▸ **Work task**: Leaving out every image, restate all the records word for word.

▸ **Dataset entries**:
▼

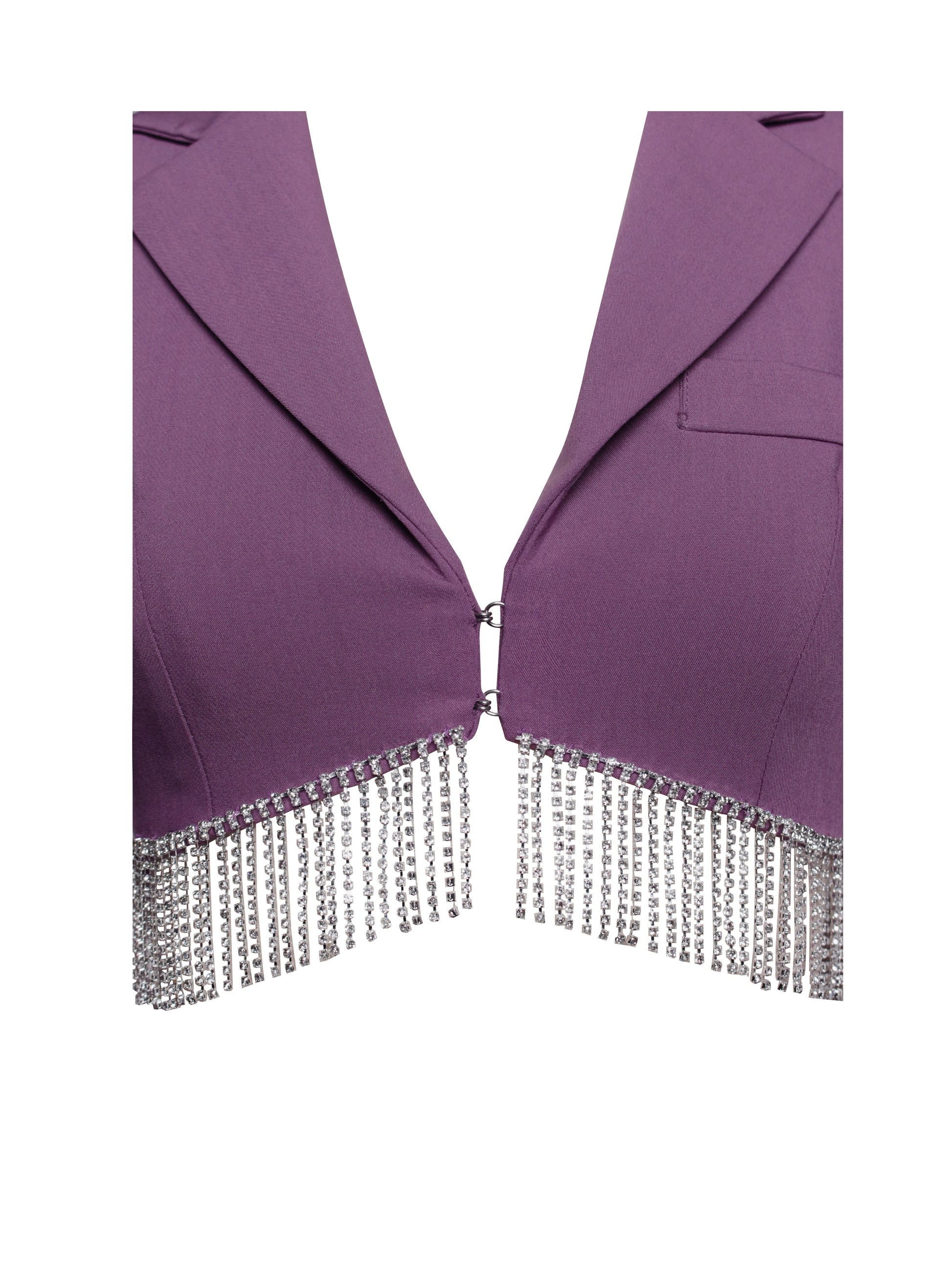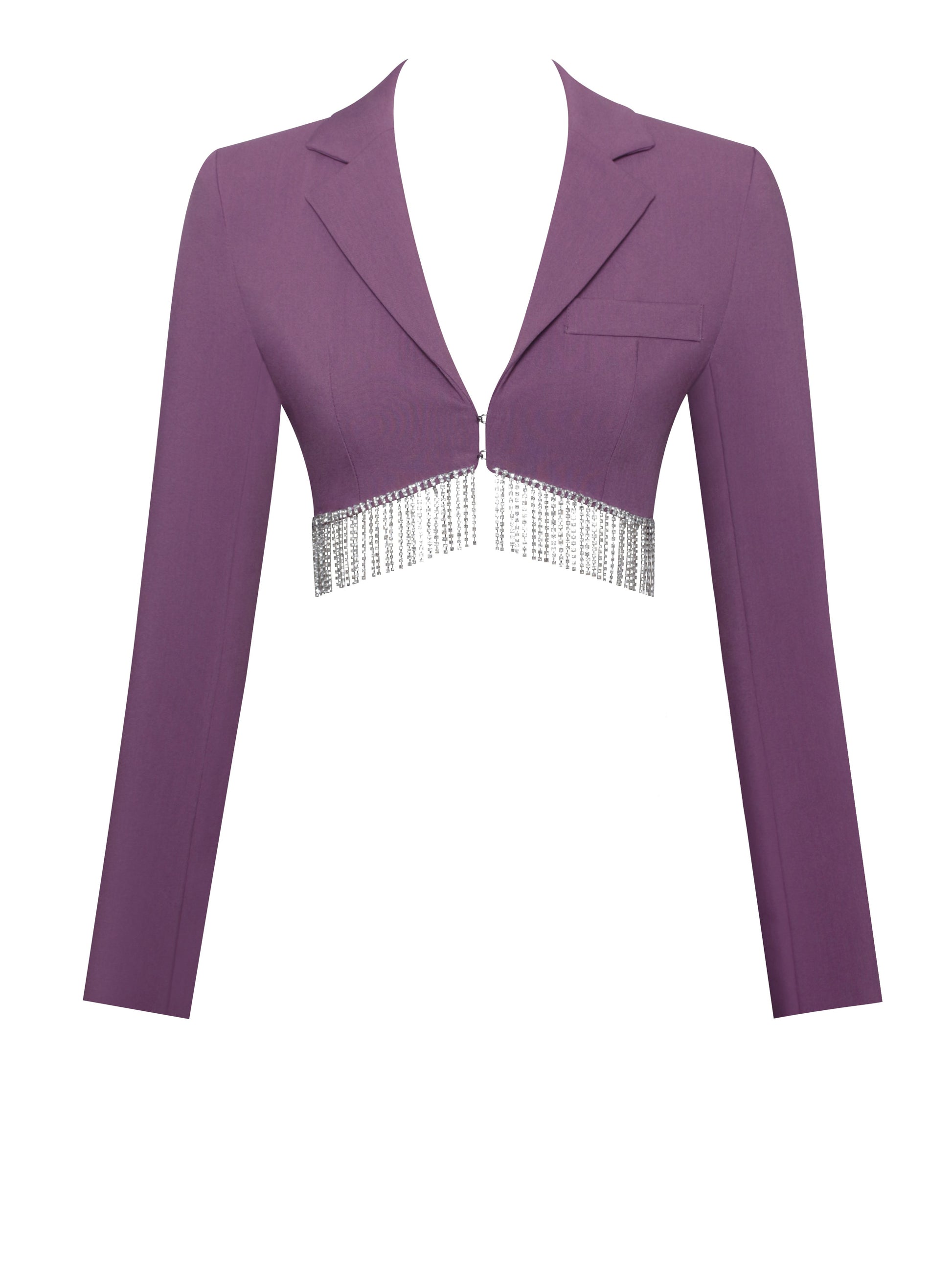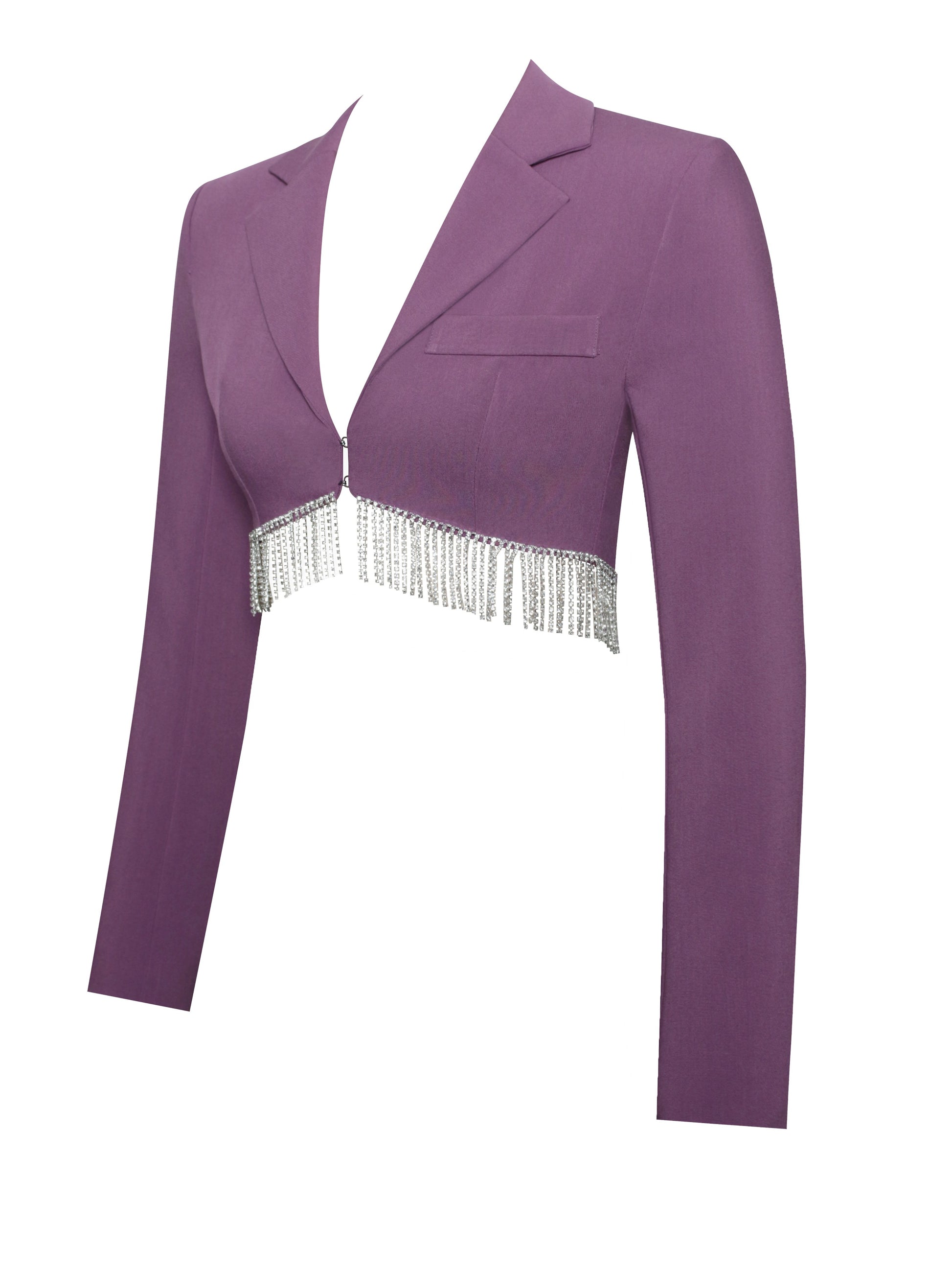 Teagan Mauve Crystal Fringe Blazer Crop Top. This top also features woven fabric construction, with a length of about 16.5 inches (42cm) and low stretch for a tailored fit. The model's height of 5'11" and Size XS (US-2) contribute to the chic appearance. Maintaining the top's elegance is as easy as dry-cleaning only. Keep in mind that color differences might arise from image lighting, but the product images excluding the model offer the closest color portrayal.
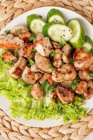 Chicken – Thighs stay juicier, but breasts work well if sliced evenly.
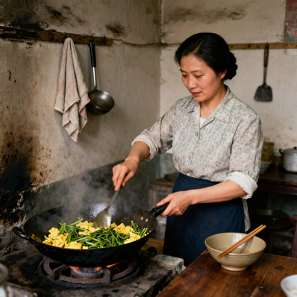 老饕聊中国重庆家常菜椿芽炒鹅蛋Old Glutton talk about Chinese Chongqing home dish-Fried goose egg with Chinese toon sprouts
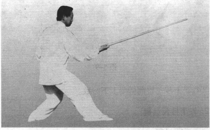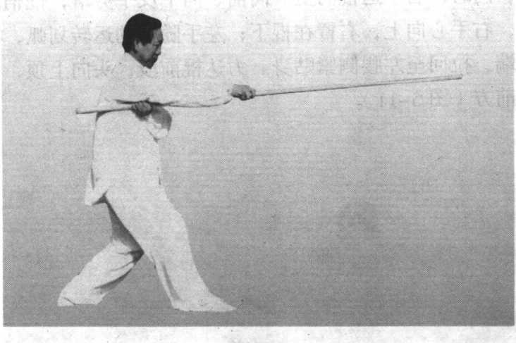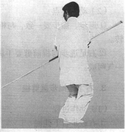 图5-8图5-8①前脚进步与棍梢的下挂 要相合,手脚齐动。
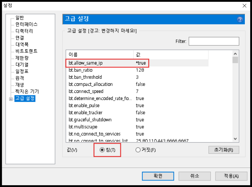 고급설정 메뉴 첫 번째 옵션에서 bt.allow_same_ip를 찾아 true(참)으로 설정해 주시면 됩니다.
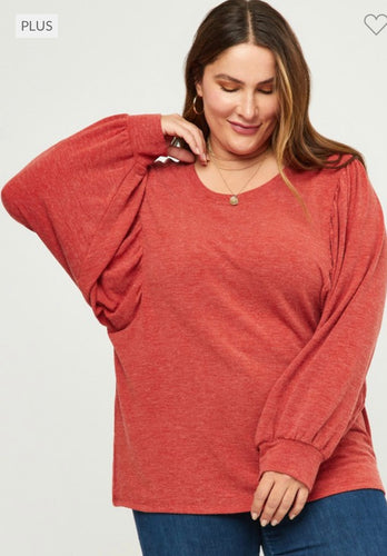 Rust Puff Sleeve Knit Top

▲

▸ **Final answer**:
 Teagan Mauve Crystal Fringe Blazer Crop Top. This top also features woven fabric construction, with a length of about 16.5 inches (42cm) and low stretch for a tailored fit. The model's height of 5'11" and Size XS (US-2) contribute to the chic appearance. Maintaining the top's elegance is as easy as dry-cleaning only. Keep in mind that color differences might arise from image lighting, but the product images excluding the model offer the closest color portrayal.
 Chicken – Thighs stay juicier, but breasts work well if sliced evenly.
 老饕聊中国重庆家常菜椿芽炒鹅蛋Old Glutton talk about Chinese Chongqing home dish-Fried goose egg with Chinese toon sprouts
 图5-8图5-8①前脚进步与棍梢的下挂 要相合,手脚齐动。
 고급설정 메뉴 첫 번째 옵션에서 bt.allow_same_ip를 찾아 true(참)으로 설정해 주시면 됩니다.
 Rust Puff Sleeve Knit Top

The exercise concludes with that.